Теперь несколько слов о «Гамлете» во Втором Художественном театре 13 . Я совершенно не сомневаюсь, что это несомненный, огромный успех театра. За это порукой уже то, что вчера публика, в закрытой репетиции наполнившая зал только наполовину, обыкновенно встречающая спектакль как домашнее событие, – реагировала на спектакль сильной и долго не смолкавшей овацией. В некоторых случаях, после открытия занавеса, раздавались аплодисменты по адресу художника, который достиг замечательного в области декоративной. Вызывали режиссеров, которые необыкновенно глубоко и своеобразно подошли к трактовке, а среди актеров особенно вызывали Чехова.
Что собою представляет эта постановка «Гамлета»? С Шекспиром здесь обошлись почти так же жестоко, как в Камерном театре с Шоу. Берется шекспировская пьеса и делается известная переработка, переложение Шекспира. Я очень боюсь, как бы Репертком не помог, хотя Шекспир вне досягаемости. Репертком все-таки может полоснуть, и я очень хотел бы, чтобы в данном случае Репертком этого не сделал. Но и без Реперткома операция произведена значительная. По самой структуре своей эта пьеса чрезвычайно тягучая, медленная. В ней масса диалогов и монологов. В ней очень много постоянно задерживающих моментов. Что же это значит? Значит ли это, что Шекспир не умел писать стремительной драмы? Конечно, умел. Это, значит, драма медлительности. Вся драма построена так, чтобы быть трагедией медлительности. Именно потому, что Гамлет слишком медлит, он гибнет, и в значительной степени погибло бы все его дело, если бы не пришел из чужой страны человек и не взял бы эту самую опустошенную Данию 14 .

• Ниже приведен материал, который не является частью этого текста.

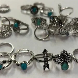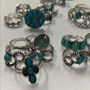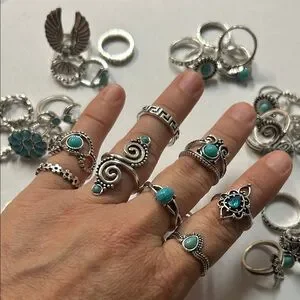 Set of silver-tone bohemian rings featuring turquoise accents. Versatile stackable designs with floral, swirl and geometric details. Lightweight and stylish for everyday wear. Includes multiple turquoise-colored rings for layered looks.
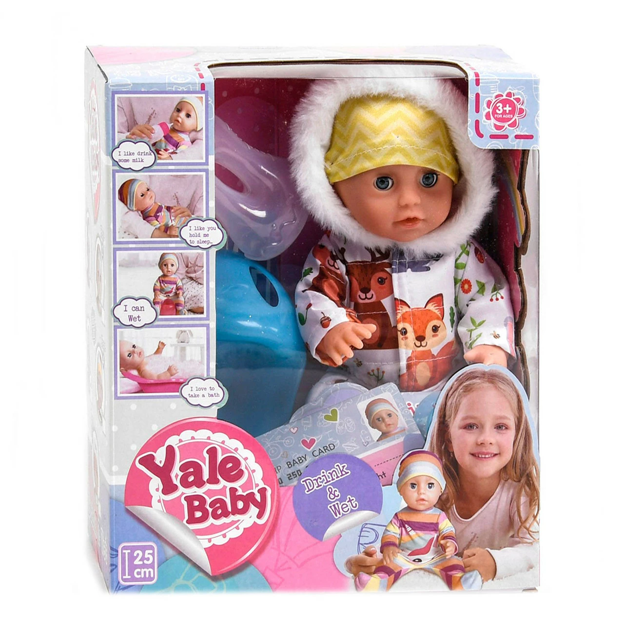 бутылочкой, горшком, соской и ID-картой. Рост пупса - 25 см.
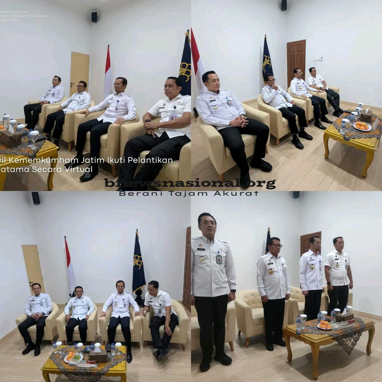 Surabaya l bnewsnasional org - Jajaran Pimpinan Tinggi Pratama Kanwil Kemenkumham Jatim mengikuti Upacara Pelantikan dan Pengambilan Sumpah Jabatan Pimpinan Tinggi Pratama pada jajaran Keimigrasian secara virtual pada Rabu (10/7).
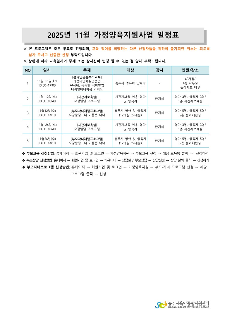 [°¡Á¤¾çÀ°Áö¿ø»ç¾÷] 11¿ù °¡Á¤¾çÀ°Áö¿ø»ç¾÷ ÀÏÁ¤ ¾È³»
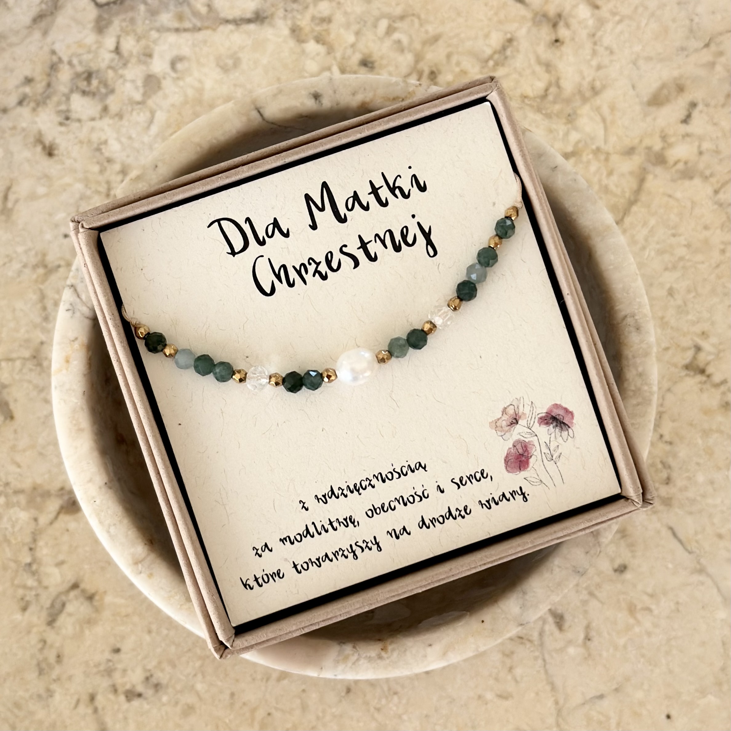 Bransoletka dla Matki Chrzestnej – jaspis szmaragdowy, kryształ górski i perła | podziękowanie dla Matki Chrzestnej na Ślub Komunię Chrzest
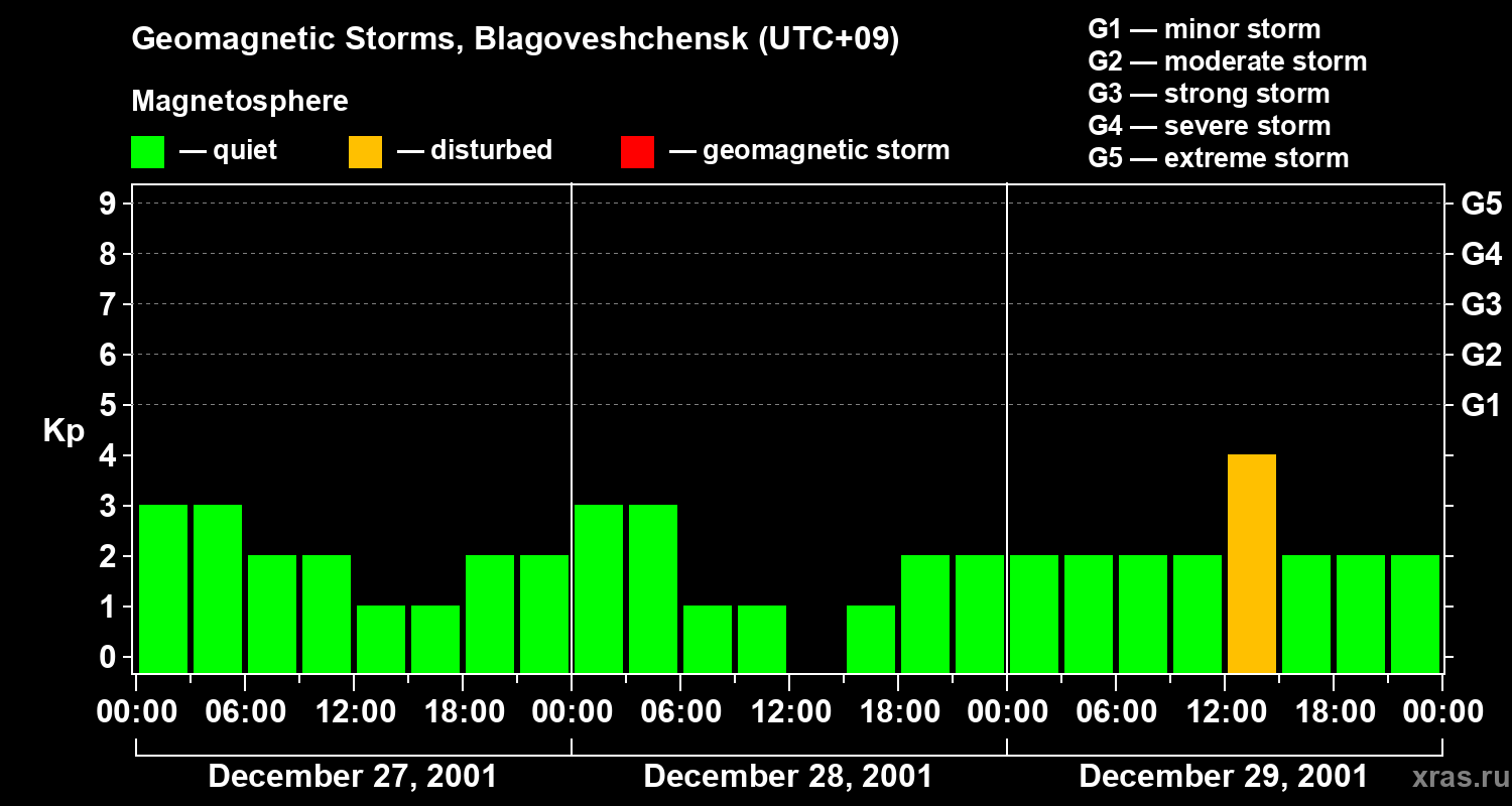 Geomagnetic storms in Blagoveshchensk — Dec 29, 2001

Шекспир с огромным уважением относится к Гамлету – он, может быть, сам был похож на Гамлета, – но вместе с тем он относится к нему с недоверием, как Пушкин, который был во многом похож на нашего Гамлета, на Онегина, вместе с тем его осуждал. Шекспир не освободился от своего гамлетизма, когда писал своего «Гамлета». Здесь именно трагедия заключается в чрезмерно развернувшемся интеллекте. «Гамлет» – в полном смысле слова «горе от ума»; и этот элемент совершенно выброшен Художественным театром. Ничего не осталось. Во-первых, пьеса идет очень быстро, она мчится, как буря, – всего два антракта. Затем, Шекспир великолепно построил внутренний скелет. Когда Второй Художественный театр обнажил его, оказалось, что действие идет шаг за шагом к неизбежной и неумолимой катастрофе. И вдруг эта медлительная симфония, это столкновение высокого разума с разными проблемами жизни, разума, стремящегося распутать узел, который надо разрубить, – превращается на наших глазах в мелодраматическую трагедию, в которой весь смысл в сложных интригах и в борьбе страстей. Так трактуется «Гамлет». И, нужно сказать, превосходно вышло. Шекспир такой драматург, что его можно использовать и так и этак.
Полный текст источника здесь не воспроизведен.